When working with machine learning models, understanding the relative importance of input features is crucial for model interpretation and feature selection.
XGBoost provides a convenient way to visualize feature importance using the plot_importance()
function. However, the default plot doesn’t include the actual feature names, which can make interpretation difficult, especially when working with datasets that have many features.
In this example, we’ll demonstrate how to plot feature importance from an XGBoost model while including the feature names on the plot.
We’ll use the well-known Iris dataset, which has four clear feature names: sepal length, sepal width, petal length, and petal width.
from sklearn.datasets import load_iris
import xgboost as xgb
import matplotlib.pyplot as plt
# Load the Iris dataset
iris = load_iris()
X, y = iris.data, iris.target
# Create DMatrix objects
dtrain = xgb.DMatrix(X, label=y, feature_names=iris.feature_names)
# Set XGBoost parameters
params = {
'objective': 'multi:softprob',
'num_class': 3,
'max_depth': 3,
'learning_rate': 0.1,
'subsample': 0.8,
'colsample_bytree': 0.8,
}
# Train the XGBoost model
model = xgb.train(params, dtrain, num_boost_round=100)
# Plot feature importance with feature names
fig, ax = plt.subplots(figsize=(10, 6))
xgb.plot_importance(model, ax=ax, importance_type='total_gain',
max_num_features=len(iris.feature_names),
grid=False, show_values=False)
plt.xlabel('Total Gain')
plt.title('Feature Importance')
plt.show()
The plot may look as follows:
In this example, we first load the Iris dataset using scikit-learn’s load_iris()
function.
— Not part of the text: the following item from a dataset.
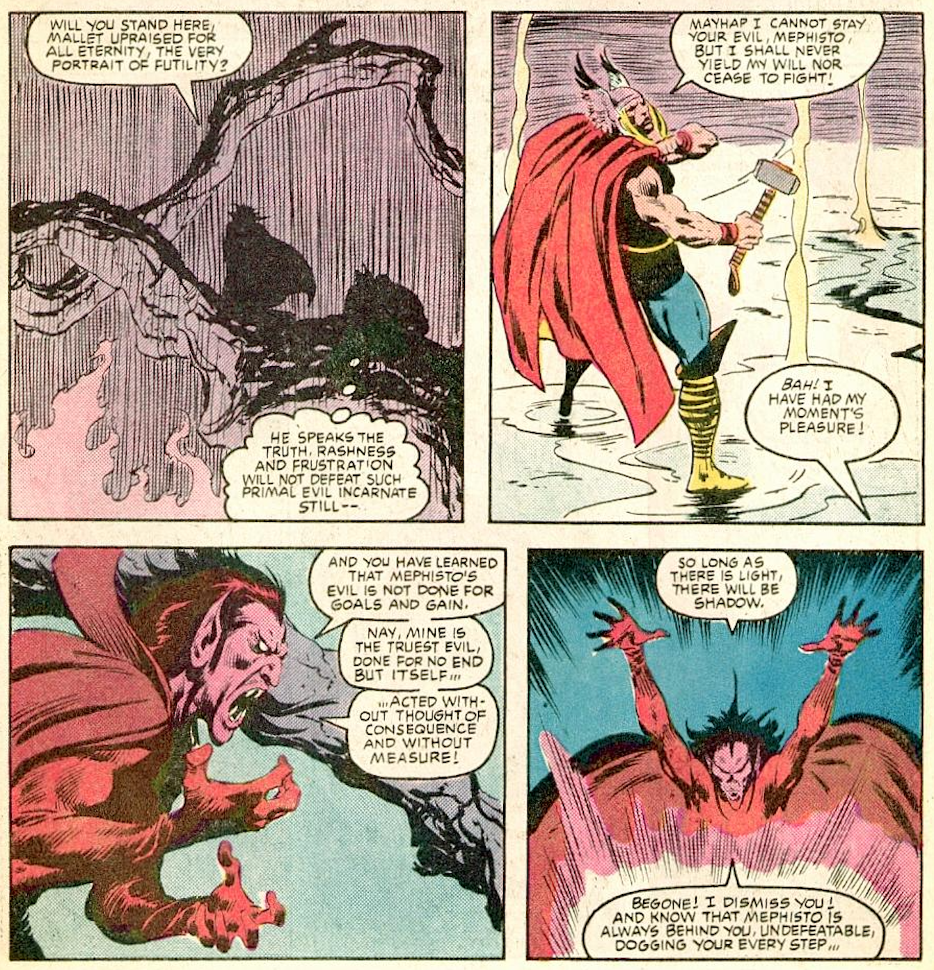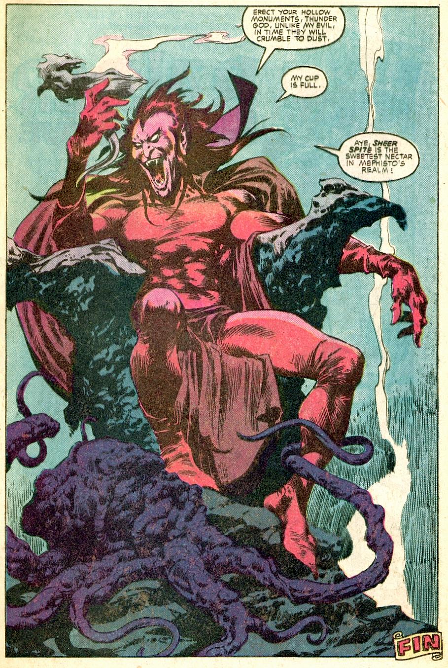 Even when Thor is sullen and depleted, Ulik is no match for him. Before long, Thor has moved on to the master manipulator behind the whole affair. The scope of the story grows vast as Thor confronts another godlike figure in his mythic realm. When titans at this level clash, the outcome is all but assured. Thor calls down torrential rains in Hell, Mephisto wields his evil magic, and it all ends in a stalemate.

We then create a DMatrix
object for XGBoost, passing the feature names from iris.feature_names
to the feature_names
parameter.
Next, we set the XGBoost parameters for a multi-class classification problem and train the model using xgb.train()
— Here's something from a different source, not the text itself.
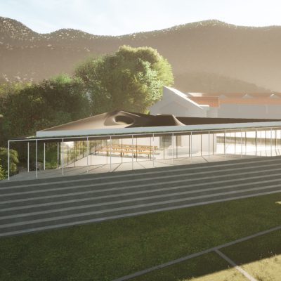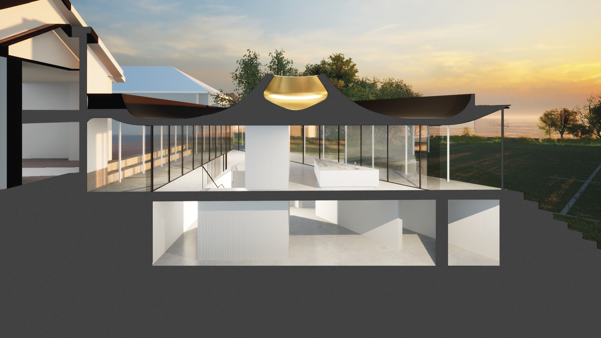 An elegant glazed pavilion is proposed, with views towards the water. Open plan gallery spaces create a sophisticated yet flexible building. External canopies allow for covered activities, including tiered seating facing the sea which can also be used for watching activities on the sports field. A large ‘playground for seeing’ is proposed for the roof, with carefully controlled views across the water, and multiple opportunities for the pupils to pause, think or ‘see’ in a fresh way.

. After training, we use the plot_importance()
function to visualize the feature importance.
To include the feature names on the plot, we pass the trained model to plot_importance()
along with some additional arguments:
ax=ax
: Specifies the matplotlib axis to draw the plot on.importance_type='total_gain'
: Sets the importance metric to total gain.max_num_features=len(iris.feature_names)
: Limits the number of features to display based on the number of feature names.grid=False
: Removes the grid from the plot for a cleaner look.show_values=False
: Hides the numerical values of the importance scores.
Finally, we set the x-label and title of the plot using plt.xlabel()
and plt.title()
, respectively.
The resulting plot will display the feature importance as a horizontal bar chart, with the feature names on the y-axis and the total gain on the x-axis. This makes it easy to interpret which features are most important for the XGBoost model when trained on the Iris dataset.
By including feature names when plotting feature importance, you can enhance the interpretability of your XGBoost models and facilitate better communication of your findings to stakeholders.